- [What is being asked]: Leaving pictures aside, set down each line exactly, from the first line of the data to the line with "È progettata in", both included.

- [Collected material]:
════
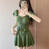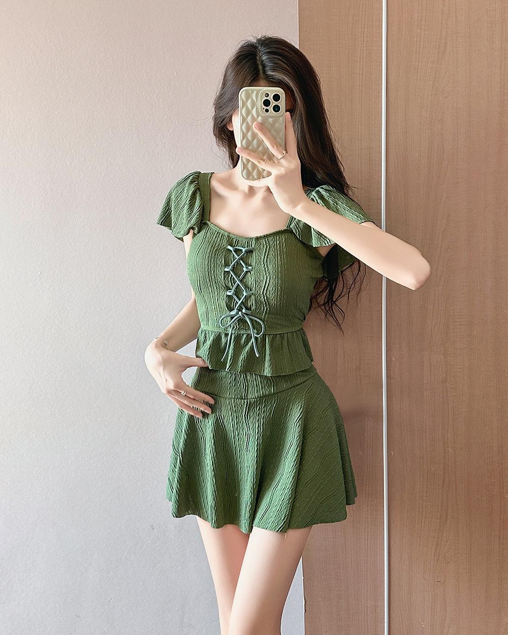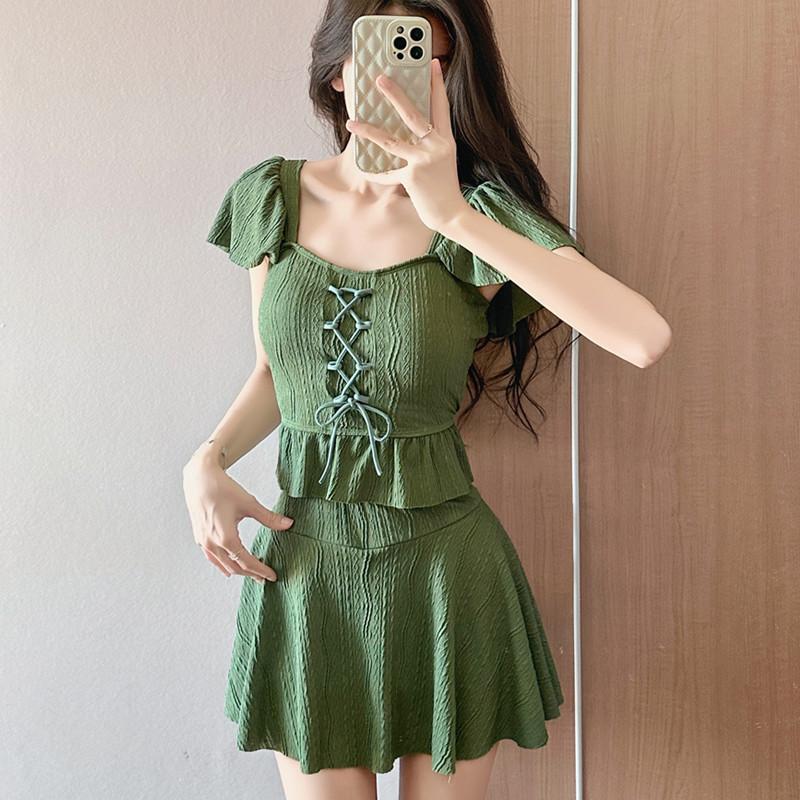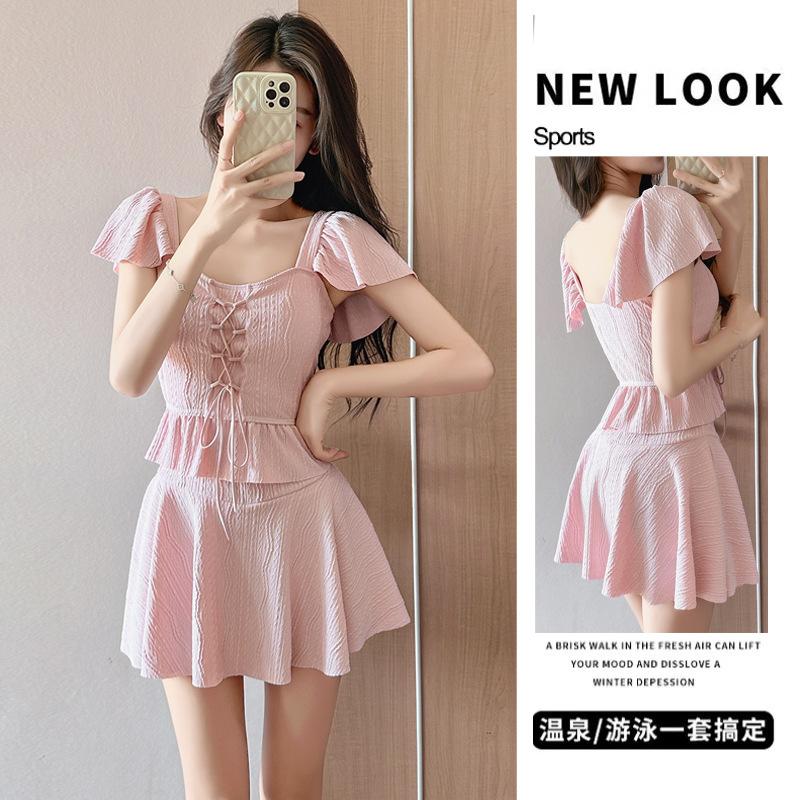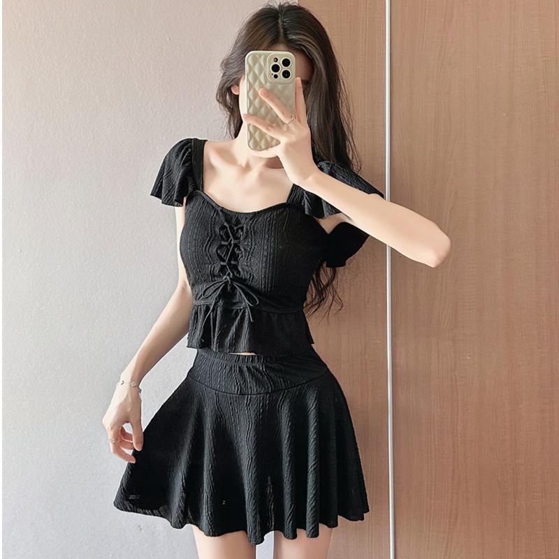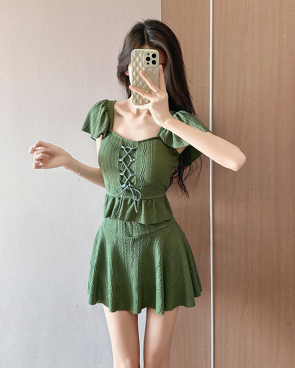 Traje de baño de hadita para mujer, estilo coreano de alta gama, adelgazante, estilo falda con volantes, bóxer, conservador, traje de baño dividido
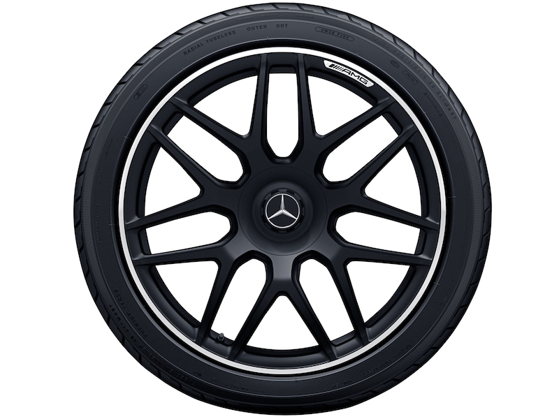 È progettata in modo ideale per le condizioni stradali invernali. Il cerchio è costituito da una ruota forgiata AMG con design a razze incrociate in nero opaco e flangia del cerchio in alluminio lucidato.
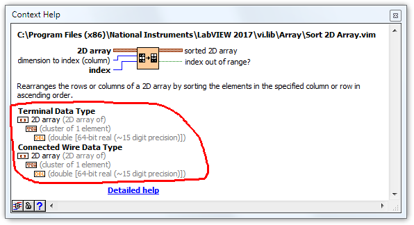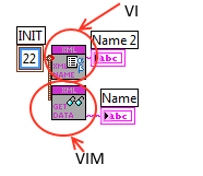 Ich erstelle ein Cluster welches die Bezeichnung INIT hat. Mit der oberen VI kann ich diese Bezeichnung auslesen. Sie wird korrekt in "Name 2" angezeigt. In dem VIM wird dasselbe VI ausgeführt und es wird der Name des VIM Eingangs angezeigt.
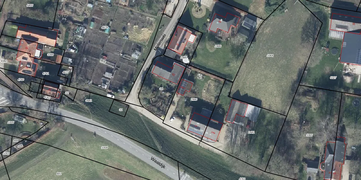 Het perceel waarop Waaldijk 14-b-1 staat heeft een oppervlakte van 839 m². Dit is een groot perceel. De perceeloppervlakte wordt geregistreerd door het Kadaster. Gedetailleerde informatie over de maten van dit perceel kunt u vinden in het rapport Kadastrale kaart met maatvoering van Waaldijk 14-b-1.
════
- [Final answer]:
 Traje de baño de hadita para mujer, estilo coreano de alta gama, adelgazante, estilo falda con volantes, bóxer, conservador, traje de baño dividido
 È progettata in modo ideale per le condizioni stradali invernali. Il cerchio è costituito da una ruota forgiata AMG con design a razze incrociate in nero opaco e flangia del cerchio in alluminio lucidato.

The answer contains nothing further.